● PROBLEM STATEMENT:
Below is a listing. Return the lines from the one that contains "Fan design silver" to the one that contains "The next poster", both ends included, verbatim and with no pictures.

----- SOURCE DATA -----

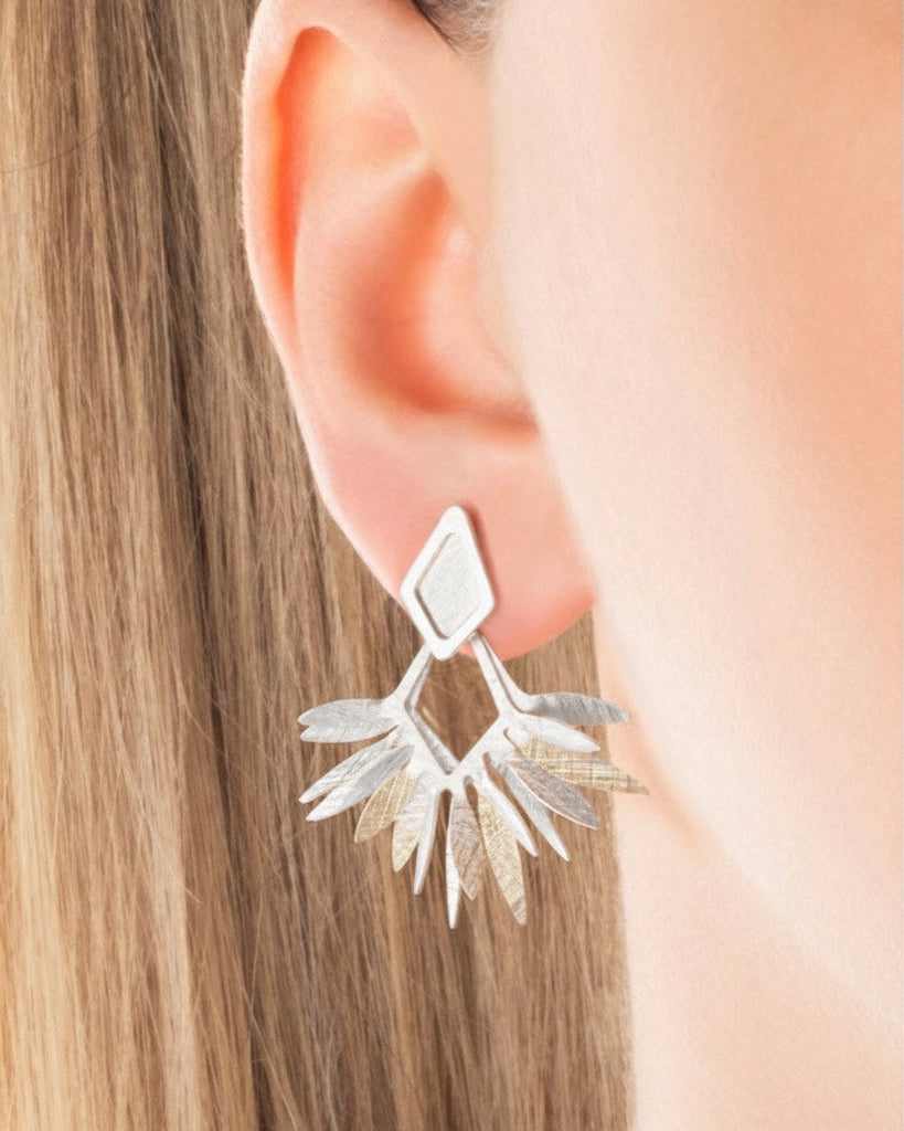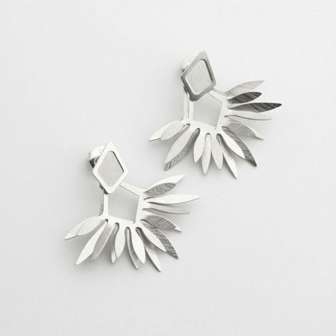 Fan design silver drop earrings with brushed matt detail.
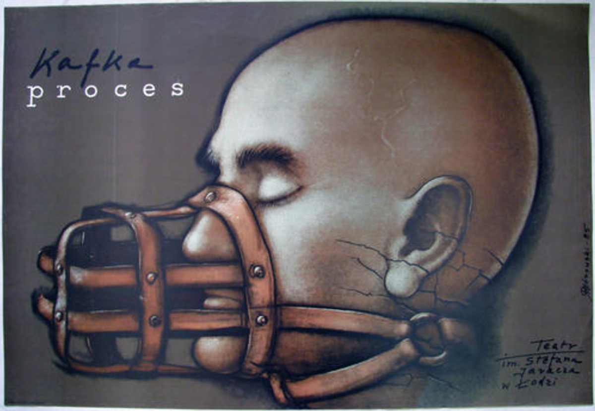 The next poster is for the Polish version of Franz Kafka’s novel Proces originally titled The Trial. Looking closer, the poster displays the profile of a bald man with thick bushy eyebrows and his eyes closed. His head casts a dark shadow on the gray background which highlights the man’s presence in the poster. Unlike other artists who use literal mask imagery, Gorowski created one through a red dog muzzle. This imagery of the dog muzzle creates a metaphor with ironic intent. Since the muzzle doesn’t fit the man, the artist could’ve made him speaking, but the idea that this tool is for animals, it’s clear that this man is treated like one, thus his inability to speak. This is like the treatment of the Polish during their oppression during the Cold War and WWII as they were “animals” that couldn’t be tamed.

-----
----- SOURCE DATA -----

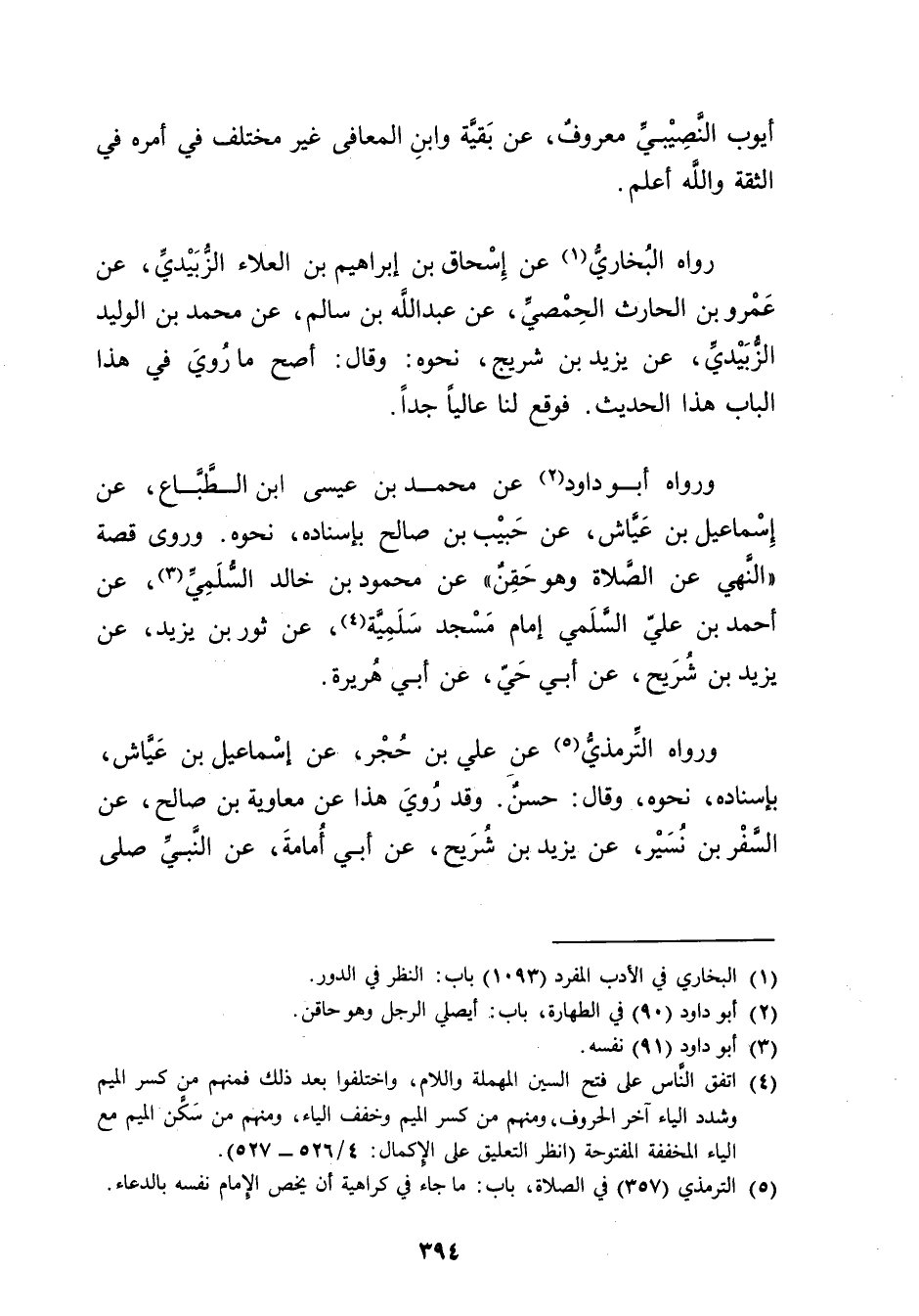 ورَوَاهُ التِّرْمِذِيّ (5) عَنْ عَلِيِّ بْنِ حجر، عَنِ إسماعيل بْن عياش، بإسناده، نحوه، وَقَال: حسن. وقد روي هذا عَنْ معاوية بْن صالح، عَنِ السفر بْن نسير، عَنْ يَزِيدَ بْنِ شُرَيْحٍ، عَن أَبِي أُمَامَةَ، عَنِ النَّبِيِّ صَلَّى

-----

● REPLY TO THE EXERCISE:
 Fan design silver drop earrings with brushed matt detail.
 The next poster is for the Polish version of Franz Kafka’s novel Proces originally titled The Trial. Looking closer, the poster displays the profile of a bald man with thick bushy eyebrows and his eyes closed. His head casts a dark shadow on the gray background which highlights the man’s presence in the poster. Unlike other artists who use literal mask imagery, Gorowski created one through a red dog muzzle. This imagery of the dog muzzle creates a metaphor with ironic intent. Since the muzzle doesn’t fit the man, the artist could’ve made him speaking, but the idea that this tool is for animals, it’s clear that this man is treated like one, thus his inability to speak. This is like the treatment of the Polish during their oppression during the Cold War and WWII as they were “animals” that couldn’t be tamed.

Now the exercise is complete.